Let $\mathbb{k}$ be a field (we can suppose $k=\mathbb{R}$ or $\mathbb{C}$ if necessary). Let $M_n(\mathbb{k})$ denote the ring of matrices with entries in $\mathbb k$.
Recall that a ring $R$ has the invariant basis number (IBN) property if any two bases of a finitely generated free $R$-module must have the same cardinality.
Question: Does $M_n(\mathbb{k})$ have the invariant basis number property?
I've been able to find a result saying that any commutative $R$ has IBN. On the other hand, the simplest $R$ that I came across without IBN, namely the column finite matrices, involves infinite indexing sets. This would suggest that $M_n(\mathbb{k})$ has IBN, but I don't have a proof/reference for this fact.
Best Answer
Let us say that a matrix $M\in M_{p\times q}(R)$ is invertible if there exists $N\in M_{q\times p}(R)$ such that $MN=I_p$ and $NM=I_q$.
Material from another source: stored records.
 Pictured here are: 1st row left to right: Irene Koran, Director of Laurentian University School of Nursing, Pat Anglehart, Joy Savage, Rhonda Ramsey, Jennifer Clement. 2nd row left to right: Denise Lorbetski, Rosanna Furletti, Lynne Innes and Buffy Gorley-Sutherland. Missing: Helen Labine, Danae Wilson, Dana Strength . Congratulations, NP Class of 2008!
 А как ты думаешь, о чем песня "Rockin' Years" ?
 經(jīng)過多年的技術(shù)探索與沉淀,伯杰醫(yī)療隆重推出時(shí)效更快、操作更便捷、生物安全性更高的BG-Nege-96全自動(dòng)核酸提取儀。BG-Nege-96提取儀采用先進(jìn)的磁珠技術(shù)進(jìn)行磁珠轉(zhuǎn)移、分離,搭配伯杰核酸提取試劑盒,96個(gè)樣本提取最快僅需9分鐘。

Lemma. A ring $R$ has IBN if and only if an invertible matrix with entries in $R$ is a square matrix.
Assuming the lemma, which is well-known (and easy to prove), you can see that $M_n(k)$ has IBN, since we have a canonical identification $M_{p\times q}(M_n(k))\simeq M_{pn\times qn}(k)$ sending invertible matrices to invertible matrices.
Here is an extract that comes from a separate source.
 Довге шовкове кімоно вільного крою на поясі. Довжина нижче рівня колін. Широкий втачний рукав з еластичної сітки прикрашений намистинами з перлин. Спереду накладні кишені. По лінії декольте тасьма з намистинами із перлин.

In fact, the same argument shows:
Thm. If $R$ has IBN, so has $M_n(R)$ for all $n\geq 1$.
Another way to prove what you want is to use the following known theorem, since $M_n(k)$ is left noetherian:
Thm. Assume that for all $m\geq 1$, any surjective $R$-linear map $u:R^m\to R^m$ is bijective. Then $R$ has IBN. In particular, any left (or right) noetherian ring has IBN.
Proof. Let us prove the first part. It is enough to prove that $R^n\simeq_R R^m\Rightarrow n=m$, for all $n,m\geq 1$.
Let $u:R^m\overset{\sim}{\to} R^n$ be an $R$-module isomorphism. One may assume that $m\geq n$. Composing with projection onthe first components $\pi:R^m\to R^n$, we get a surjective linear map $\pi\circ u:R^m\to R^m$, which is bijective by assumption. Since $u$ is bijective, $\pi$ is bijective, which forces $n=m$.
The second part comes from the well-known fact that if $R$ is noetherian , any surjective $R$-linear map $R^m\to R^m$ is bijective (consider the chain $\ker(u^n)\subset \ker(u^{n+1})$ for all $n\geq 1$)